Waktu Penantian


Cukup lama kita tak ngangkring depan di PDM selain pertemuan bermaterai itu. Tempat yang sampai saat ini masih belum saja berubah ; seram tak mengenyangkan. Atau mungkin kita sudah tidak menunggui kuburan pada dini hari. Dan bertanya “kamu nomor berapa”. Saat kita menyudahi apa yang kita lakukan selama 6 tahun belakangan ini. Meski 3 diantara kita sudah pergi dulu. Tinggal 3 bertiga yang menjadi patung structural ini. Barangkali, ada benarnya juga apa yang kita diskusikan dahulu; bahwa perubahan tidak bisa secara instans. Semua butuh waktu. waktu memilih kita untuk senantiasa berfikir dan bekerja. Walaupun apa yang kita pikirkan dan kita kerjakan lagi-lagi berbeda. Dan saat ini kita berada dalam posisi yang sama. Semua berakhir pada hari kemarin—hari penantian 12 tahun

Ya! 12 tahun kita harus menunggu kesempatan untuk sejajar dengan yang lain. Sejajar pernah sampai pada pucuk pimpinan. Suka atapun tidak, pucuk pimpinan itu memang proses panjang dalam jenjang perkaderan manapun. Dan kita bersama berhasil mengantarkannya. Barangkali dulu memang ada kesempatan akan tetapi takdir tidak mengijinkan.
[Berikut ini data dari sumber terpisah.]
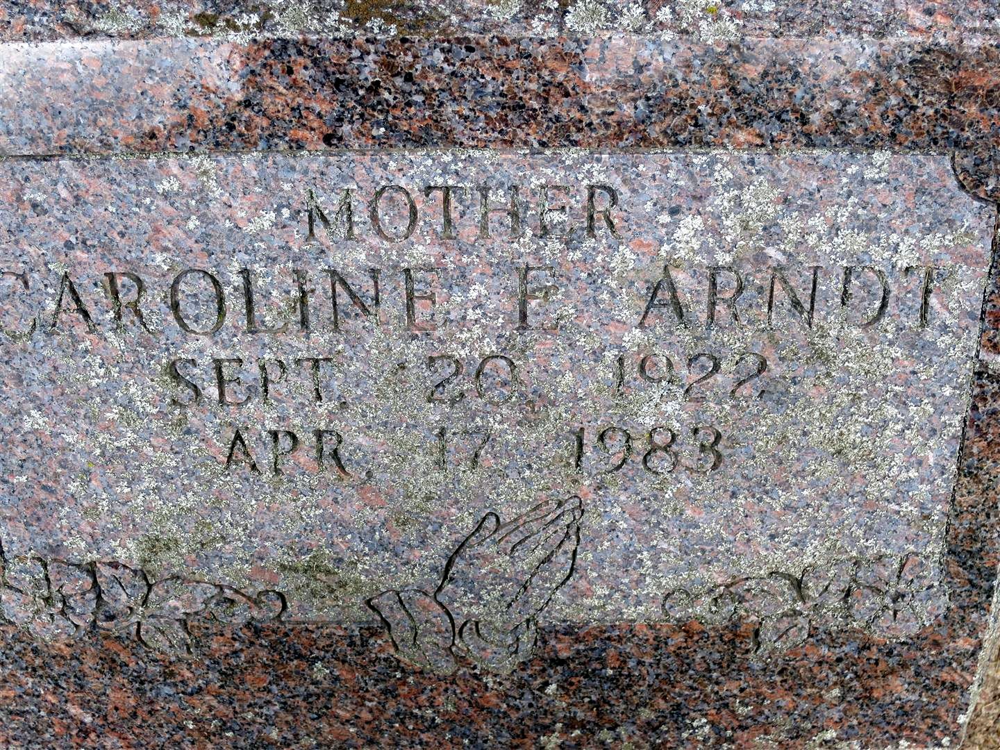 to | Arndt, Caroline E. | 20 Sep 1922 | 17 Apr 1983 | ? | Fred & Clara (Baldwin) Wiesner | ||

Apa yang kita harapkan barangkali seperti Nabi Ibrahim dalam menunggu kehadiran keturunnya. Ya’qub dalam mengharap kesembuhan penyakitnya. Rakyat yang mengharapkan kemerdekaannya—atau bahkan orang orang sakit parah mengharap menjelang ajalnya. Itulah kebahagiaan haru biru atas keberhasilan penantian panjang kita selama 12 tahun itu. Karenanya, aku begitu terharu dengan kemenangan ini; pertama kalinya.

Maka, atas nasihat dan pesan kita bersama sejak kita memutuskan; atas keputusan untuk mengubur jauh-jauh konflik representasi masa lalu. Kita pun sama-sama akan mengambil jarak untuk tidak ikut mencampuri kemenangan ini, apalagi menjadi penumpang gelap atau bahkan para pengemplang kemenangan. Biarlah sejarah menjadi sejarahnya sendiri. Dan kita hanya ingin memberikan yang terbaik sebagai—kader IMM AR. Fakhruddin sampai kapanpun [semoga]

Terima kasih para sahabatku; Halim, Amin, Mirza, Aie dan Udin. Oh ya Leni juga. Perjalanan menjejaki merah belum berakhir meski diruang yang berbeda. Semoga apa yang kita yakini tetap menjadikan kita saling mengingat satu sama lain—sebagai sahabat dan sebagai kader.